Asian Cilantro Chicken Bites - Our Version

After Jeff initially found this recipe on, we both decided that it sounded good but that the reviews weren't so hot. After a few suggestions, I came up with a version that turned out very good. We served it as an entree with jasmine rice and Jeff made a dipping (or drizzling) sauce out of hoison, honey, rice wine vinegar and soy sauce. The bites would also be great on toothpicks as an appetizers or served in bibb lettuce wraps.

Better Asian Cilantro Chicken Bites
* 1/2 T soy sauce
* 1/2 T rice vinegar (not seasoned)
* 1 lb ground chicken
* 1 large egg
* 1/2 cup finely chopped fresh cilantro
* 2 scallions, finely chopped
* 3 teaspoons Asian sesame oil
* 1 teaspoon salt
* 1/2 teaspoon of garlic powder
* 1/4 teaspoon ginger (use less if fresh)
* 1/2 cup of plain breadcrumbs or panko breadcrumbs
* 3/4 cup cornstarch
* 1/2 cup vegetable oil

Stir together chicken, egg, cilantro, scallions, sesame oil, soy sauce, rice vinegar, ginger, garlic powder, breadcrumbs and salt with a fork until just blended. Add more breadcrumbs if mixture is too wet.

Spread cornstarch in a shallow pan. Form chicken mixture into 1-inch balls, transferring them to baking pan as formed. Gently roll balls in cornstarch until coated. The chicken balls will be soft. (I made mine a little bigger and cooked them longer because we were't serving them as appetizers.)

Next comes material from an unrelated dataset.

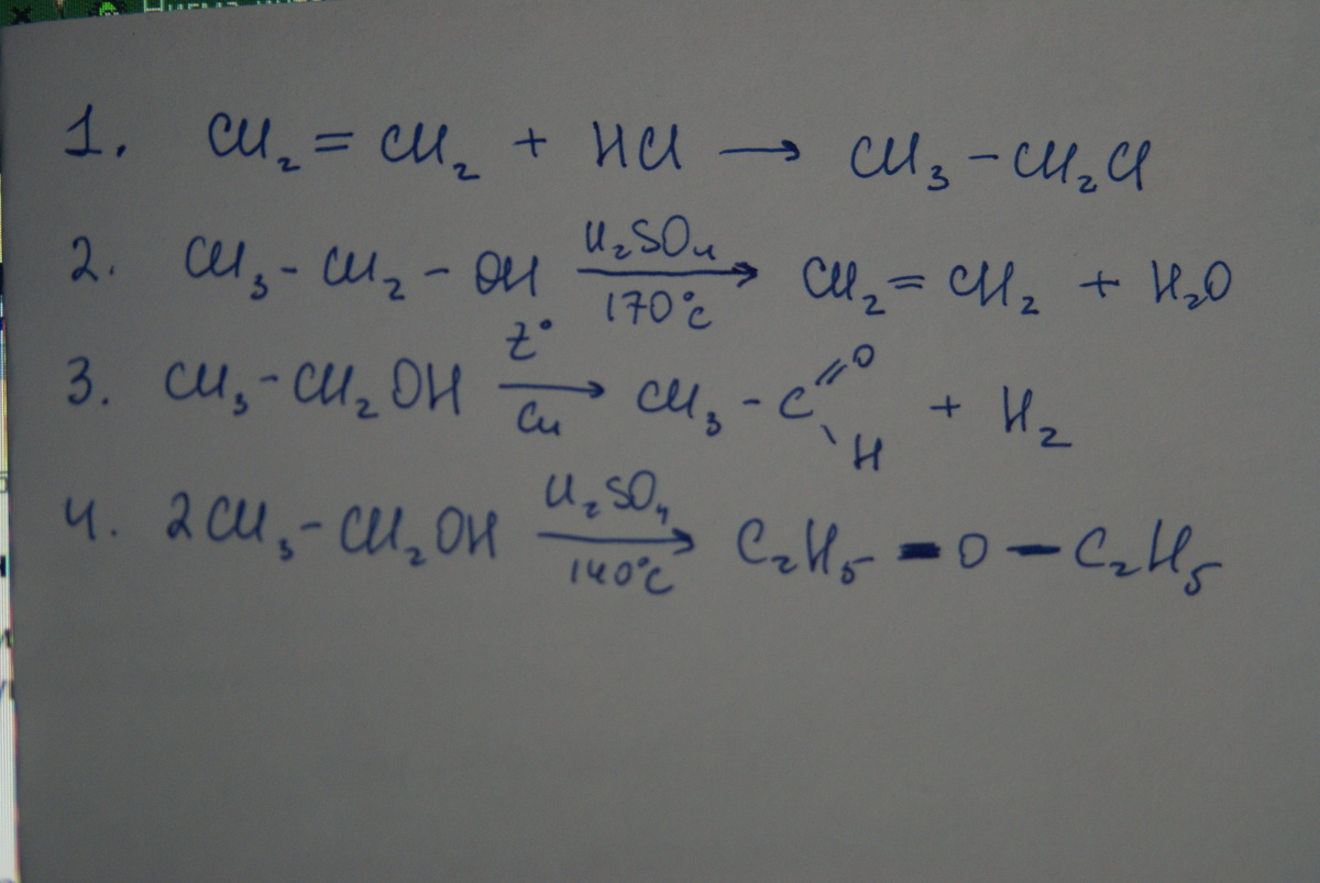 CH3-COH ← CH3-CH2-OH → CH3-CH2-O-CH2- CH3

Heat 1/4 cup vegetable oil in a 12-inch heavy skillet over moderately high heat until hot but not smoking, then cook half of balls, turning occasionally, until firm and golden (they will flatten slightly), 2 to 3 minutes (3+ if yours are larger). Transfer with a slotted spoon to paper towels to drain. Add remaining 1/4 cup oil to skillet and cook remaining balls in same manner. Serve meatballs with dipping sauce.

1 comment:

Sheila said...

This sounds good. I wonder if instead of cooking them in oil, they would work oven-baked. I might try them since I love cilantro.